Die grandiose Alhambra – ein Zeuge der Blütezeit des Emirats Granada, die erstaunlichen Höhlen des Sacromonte-Viertels, das Grab des berühmten Ferdinand von Aragon und Isabella von Kastilien – das sind nur einige der Sehenswürdigkeiten Granadas. Hier blühen seit jeher die Gärten des Generalife vor der Kulisse der schneebedeckten Bergrücken der Sierra Nevada, und abends entzünden gastfreundliche Tavernen ihre Feuer und laden die Zuschauer zu einem spektakulären Flamenco-Tanz ein.

Was gibt es in Granada zu sehen und wohin kann man gehen?

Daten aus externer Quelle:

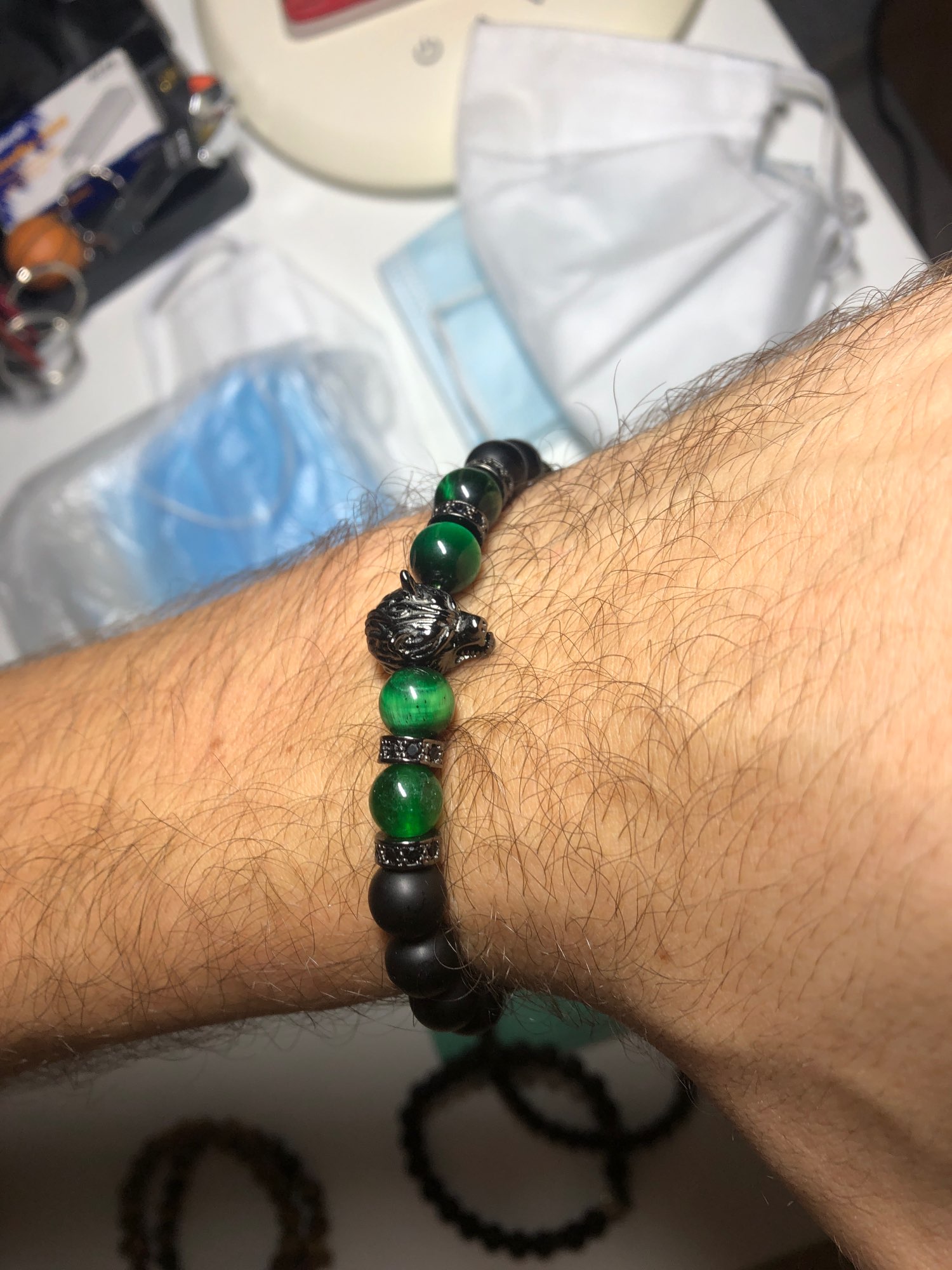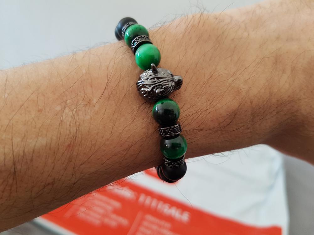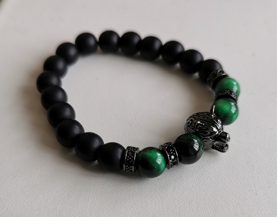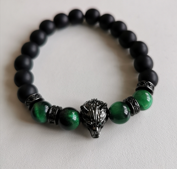 Are you looking for a special bracelet? Introduce to you our Wolf charm bracelet, it is also a talisman of good luck. Featuring in tiger eye stone and finished by a stainless-steel wolf heads clasp, this wolf head beaded bracelet perfectly captures the spirit of the wolf. The wolf is symbolized as a sign of courage and strength, wolf jewelry is beloved by people worldwide. It has three types of stones: Aquamarine, Turquoise and, Lapis Lazuli. Aquamarine is a stone of the sea, Turquoise is a calming stone for dissipating anger, Lapis Lazuli is a perfect stone to help you focus and solve difficult problems. The Wolf charm bracelet is suitable for all styles of wear, it will add charm to clothes. It’s the perfect gift for your friends and family. What are you looking for? Buy now!

Die interessantesten und schönsten Orte zum Wandern. Fotos und eine kurze Beschreibung.

Alhambra

Ein beeindruckender Palastkomplex umgeben von angelegten Gärten, eine alte Festung der maurischen Herrscher des Emirats Granada. Die Alhambra ist der Höhepunkt der Architektur aus der Nasridenzeit, die von 1230 bis 1492 über Südspanien herrschte. Das architektonische Ensemble der Alhambra umfasst Paläste, Moscheen, Gärten, künstliche Stauseen, Wohngebäude und Verwaltungsgebäude.

Alhambra

Sacromonte-Viertel

Ein einzigartiges Zigeunerviertel, das Teil des historischen Viertels Albaicín ist. Seit dem 15. Jahrhundert siedelten sich Zigeuner in den Höhlen an den Hängen eines der Stadthügel an. Es wird angenommen, dass es diese spanischen „Gitanos“ waren, die die wunderschöne Kunst des Flamenco schufen. Die Höhlen sind noch immer bewohnt, sie sind den modernen Gegebenheiten entsprechend ausgestattet. Einige werden von Menschen bewohnt, andere sind für Flamenco-Konzerte und Museen geeignet.

Sacromonte-Viertel

Albaicin-Viertel

Das alte arabische Viertel, das historische Zentrum von Granada. Es liegt auf einem Hügel mit Blick auf die Alhambra und die Umgebung der Stadt. Albayzin existiert seit mehr als 700 Jahren, aber in der letzten Zeit hat es sich kaum verändert – immer noch die weißen Häuser, enge, mit Pflastersteinen bedeckte Steinstraßen und kleine Tavernen. Die ersten Siedlungen auf dem Gelände von Albayzin existierten in der Antike vor der Ankunft der Mauren.

Albaicin-Viertel

Kathedrale von Granada

Kathedrale aus dem 16.-17. Jahrhundert, erbaut zu Ehren des Sieges der Reconquista und der Befreiung Spaniens von der mauretanischen Herrschaft. Granada wurde zur letzten Hochburg des schwächelnden Kalifats, und nach seiner Eroberung im Jahr 1492 beschlossen die katholischen Könige, eine grandiose christliche Kirche zu bauen. Im Erscheinungsbild der Kathedrale von Granada ist der Einfluss mehrerer Baustile spürbar: Gotik, Barock, Klassizismus und Renaissance.

Kathedrale von Granada

Königliche Kapelle

Die Kapelle ist Teil des architektonischen Komplexes der Kathedrale von Granada

Königliche Kapelle

Abtei von Sacromonte

Die Abtei liegt außerhalb der Stadtgrenzen von Granada an den Hängen des Valparaiso-Hügels. Im 16.-17. Jahrhundert. Diese Länder wurden zu einem Ort der Massenpilgerfahrt für Christen, da hier Tafeln entdeckt wurden, die das Martyrium einiger Heiliger sowie ihre Reliquien beschreiben. Einige Zeit später wurde mit Zustimmung des Papstes und seiner Bestätigung der Echtheit der Funde eine Abtei errichtet.

Abtei von Sacromonte

Kloster des Heiligen Hieronymus

Kloster aus dem 15. Jahrhundert, erbaut nach dem Projekt von D. de Siloe. Das Kloster St. Hieronymus war das erste christliche Kloster, das nach der Vertreibung der Mauren errichtet wurde. Es gibt Hinweise darauf, dass die Entscheidung zum Bau bereits vor dem Sieg über die Araber getroffen wurde. Auf dem Territorium des Klosters befindet sich das Grab des berühmten Kommandanten der Reconquista - F.G. de Cordoba. Für seine glänzenden Siege wurde ihm der Titel eines Großkapitäns verliehen.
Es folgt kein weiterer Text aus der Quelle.